Почему-то его лицо вдруг показалось мне смутно знакомым. Ей-богу, я где-то видела эти рыжие непослушные вихры, светлые глаза в щеточке коротких ресниц… Даже голос, не искаженный телефонной мембраной, показался мне до боли знакомым.
«Наваждение какое-то», – недоуменно подумала я.
– Что вам заказать? – спросил Рыжий.
– Чашку капучино и стакан минералки.
– Маловато. – Он покачал головой. – Фигуру бережете?
– Конечно.
– Фигура у вас дай боже, – произнес он уважительно.
Снова меня будто что-то кольнуло. Я смотрела на своего собеседника и так, и этак, изо всех сил напрягала память, но так ничего и не смогла понять.
Подоспел официант с блокнотом. Валерий Павлович продиктовал заказ.
– Ну-с, так о чем же вы собираетесь меня расспрашивать, хорошая девушка Лида? Знаете такое стихотворение?
– Знаю. Только не помню, кто его написал.
– Неудивительно. Ваше поколение, кажется, вообще не интересуется поэзией. Только детективы, триллеры, боевики.
– Мне кажется, вы сами недалеко ушли от нашего поколения. – Я лукаво улыбнулась.
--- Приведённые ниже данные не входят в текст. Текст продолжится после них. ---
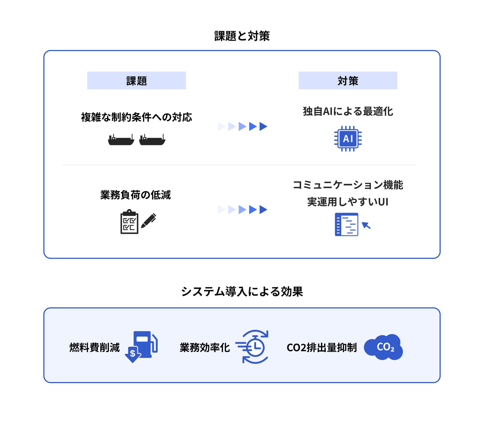ALGO ARTISは、これらの課題に対応するため、独自の最適化AI(アルゴリズム)を活用したソリューション「Optium(オプティウム)」の実証実験を行い、多くの隻数や拠点数が関わる複雑な内航船※3の配船計画最適化に成功しました。業務負荷を低減しつつ、運行効率を向上させることでCO2排出量の削減にも寄与することを実証しました。
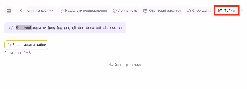 Ви можете завантажити файли клієнта та зберігати їх у Altegio, а також завантажувати або видаляти.
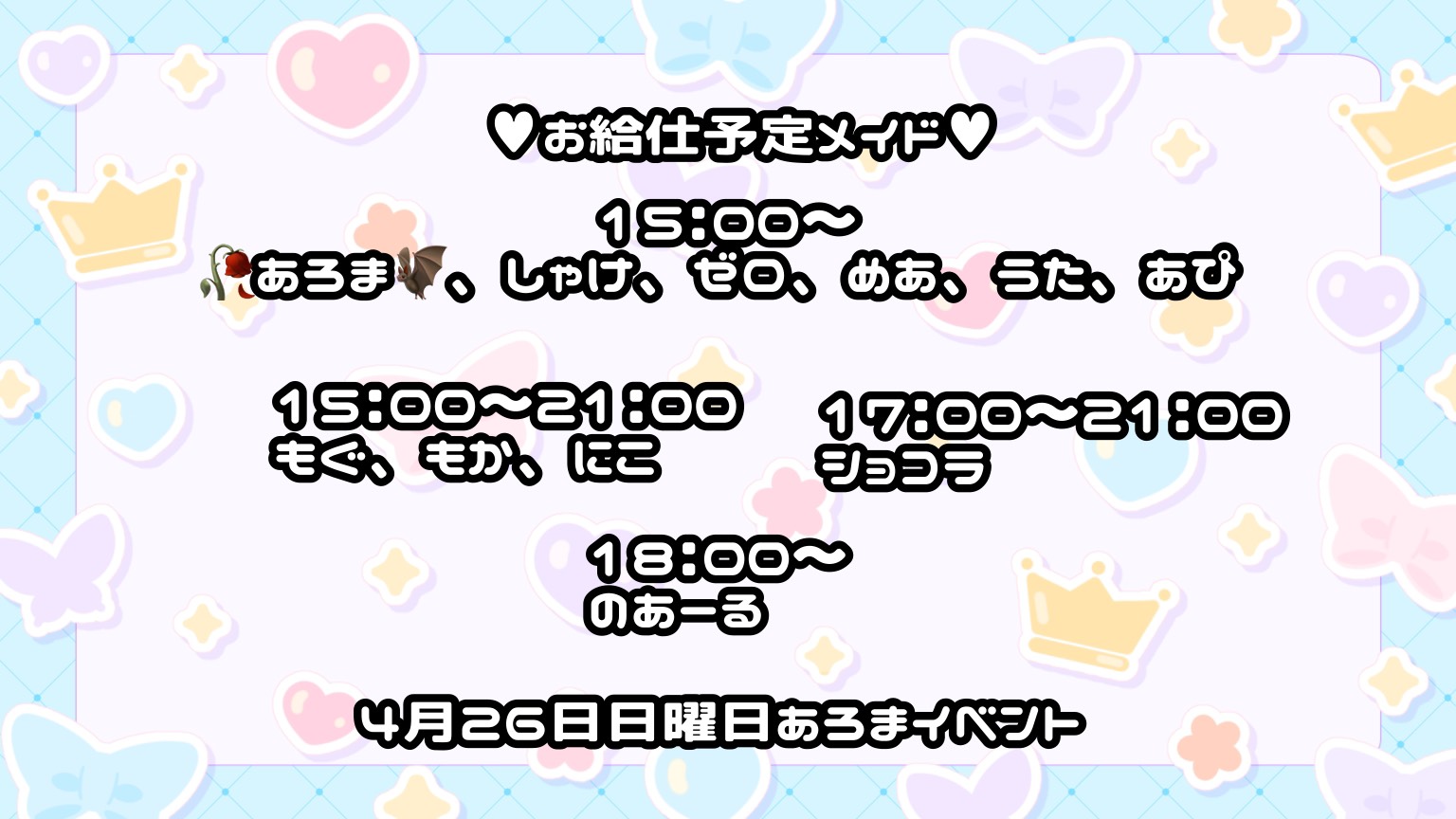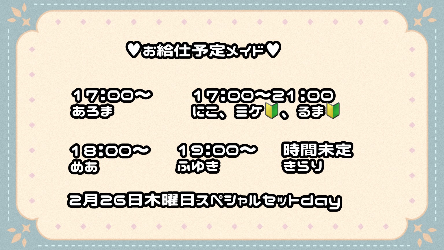 当店メイドさんは通常ウェートレス業務以外の過度な接客等は致しません。
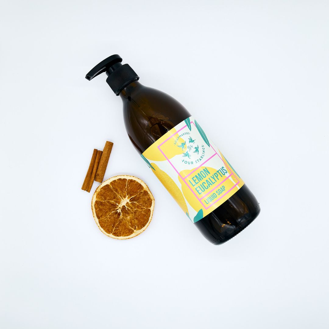 • Gel de ducha «Eucalipto y Limón»: Gel líquido de consistencia densa, espumosa, elaborado artesanalmente sin agua añadida. Limpia en profundidad mientras envuelve la piel con notas cítricas y herbales de limón y eucalipto. (El Gramo Original)

– По возрасту да, – ответил он серьезно, – а вот по вкусам я сильно отличаюсь даже от своих ровесников. Люблю старое кино, читаю книги о Второй мировой, обожаю Светлова, Симонова.
– Откуда же у вас такие литературные пристрастия? – поинтересовалась я шутливо.
Его лицо просветлело.
– От мамы. Она родила меня поздно, растила одна, без отца, в армию писала такие письма – весь взвод читал и плакал.
– Вы служили?
– Да. Я демобилизовался в девяносто четвертом, в ноябре.
У меня вдруг потемнело в глазах. Потом темнота рассеялась, и я будто бы издали услышала грубоватый юношеский басок, приказывающий: «Стой! Стоять! Куда ты, дура?»
Рыжие вихры, ласковые серые глаза, защитная куртка, жесткая ткань которой слегка оцарапала щеку…
Это был Валерка! Несомненно, он, солдатик, спасший меня от преследования тетки в каракуле! Валерка, который потом носил мне в больницу мамины пироги и банки с вареньем.